Lack of Supportive BIM-Collaboration Contract Forms

Figure 9 shows that respondents perceive a high level of risk stemming from the absence of supportive BIM-collaboration contract forms. Traditional forms (e.g., JCT, NEC without BIM addenda) fail to address:

• shared digital authorship;
• model management responsibilities;
• multi-disciplinary collaboration obligations.

This reinforces the need for updated protocols (e.g., CIC BIM Protocol, ISO 19650).

The risk associated with the lack of a supportive BIM-collaboration contract form due to contract structure misalignment also stems from a real estate dynamic.

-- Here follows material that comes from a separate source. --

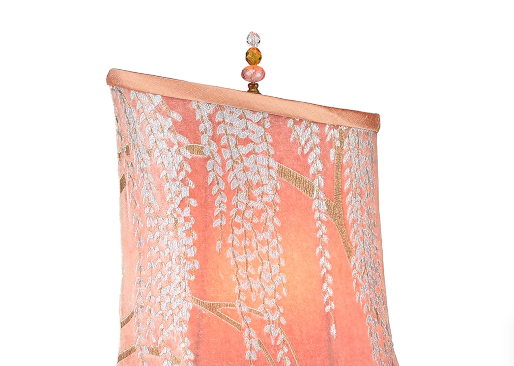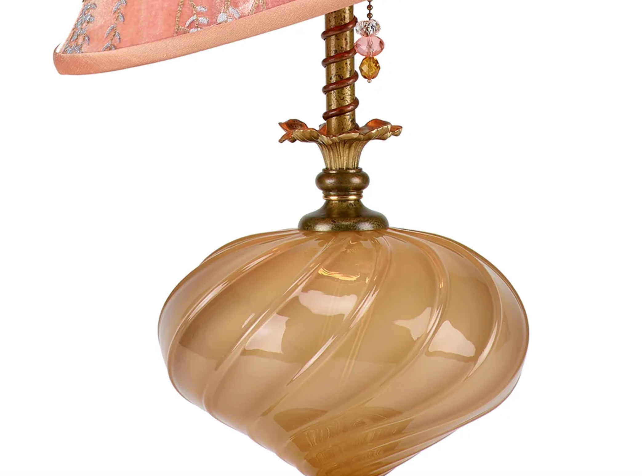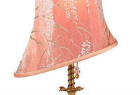 Andrea is a striking lamp with its gold, hand blown glass and a unique asymmetric shade covered with hand painted "Willow" fabric designed by Kevin O'Brien Studio in the mango color. It has copper wire coiled around its brass pole and is topped with a beaded finial. Andrea has a single bulb socket.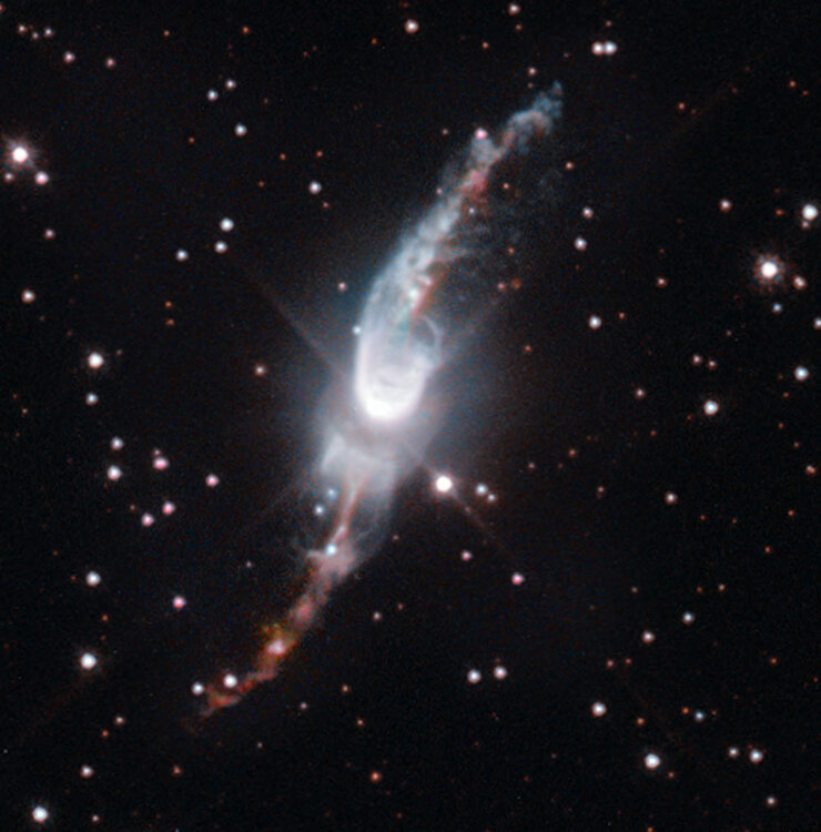 NGC 6543:Ένα άλλο πλανητικό νεφέλωμα καταγράφηκε με επιτυχία. Όπως γνωρίζουμε,ένα πλανητικό νεφέλωμα σχηματίζεται όταν ο αστέρας μετατρέπεται σε κόκκινο γίγαντα και αποβάλλει τα εξωτερικά αέρια του.Οι μελέτες σε 4 πλανητικά νεφελώματα καταγράφηκαν απ'το Hubble και απ'το Chandra στα φίλτρα κόκκινο,πράσινο,μπλε.Σύμφωνα με τελευταίες εκτιμήσεις,βρίσκονται σε απόσταση 5000 έτη φωτός μακριά απ'την Γη. Τα αποτελέσματα απ΄το Chandra δείχνουν πως τα ωστικά κύματα που προήλθαν απ'την <κατάρρευση> του αστεριού δημιούργησαν σοβαρά προβλήματα στην ατμόσφαιρα του. http://chandra.harvard.edu/photo/2012/pne/

Analysing for the magnitude of risk factor, 33% of participants responded as very effective, 25% somewhat effective, 21% neither effective nor ineffective, 6% somewhat ineffective, and 15% very ineffective, indicating a slight shift to a disequilibrium state by 58%.

To effectively manage this risk for equilibrium status, the following steps can be beneficial: (1) Organisations should consider customising existing contracts or contract templates to incorporate BIM-specific provisions. This may involve adding clauses related to information exchange protocols, data ownership, liability allocation, intellectual property rights, and collaborative processes. (2) Seek legal expertise from professionals experienced in BIM projects and contract law. They can provide guidance on adapting contracts to address BIM collaboration requirements and help identify potential risks and liabilities associated with the absence of a dedicated contract form. (3) Refer to industry standards and guidelines that address BIM collaboration and contractual arrangements, such as those provided by professional organisations or industry consortia. These resources can offer insights into best practices and contractual considerations specific to BIM projects. (4) Consider implementing separate collaboration agreements or Memoranda of Understanding (MoUs) between project participants to address specific aspects of BIM collaboration. These agreements can outline the roles and responsibilities of each party, data sharing protocols, and the overall framework for collaboration. (5) Continuous review and improvement by regularly updating the contract form and associated agreements as BIM practices evolve and project requirements change. This ensures that contractual arrangements align with the evolving needs of BIM collaboration and mitigate potential risks associated with outdated contract forms. However, it is important to note that the effectiveness of these risk management efforts can vary based on the specific contractual provisions and the legal frameworks of different jurisdictions.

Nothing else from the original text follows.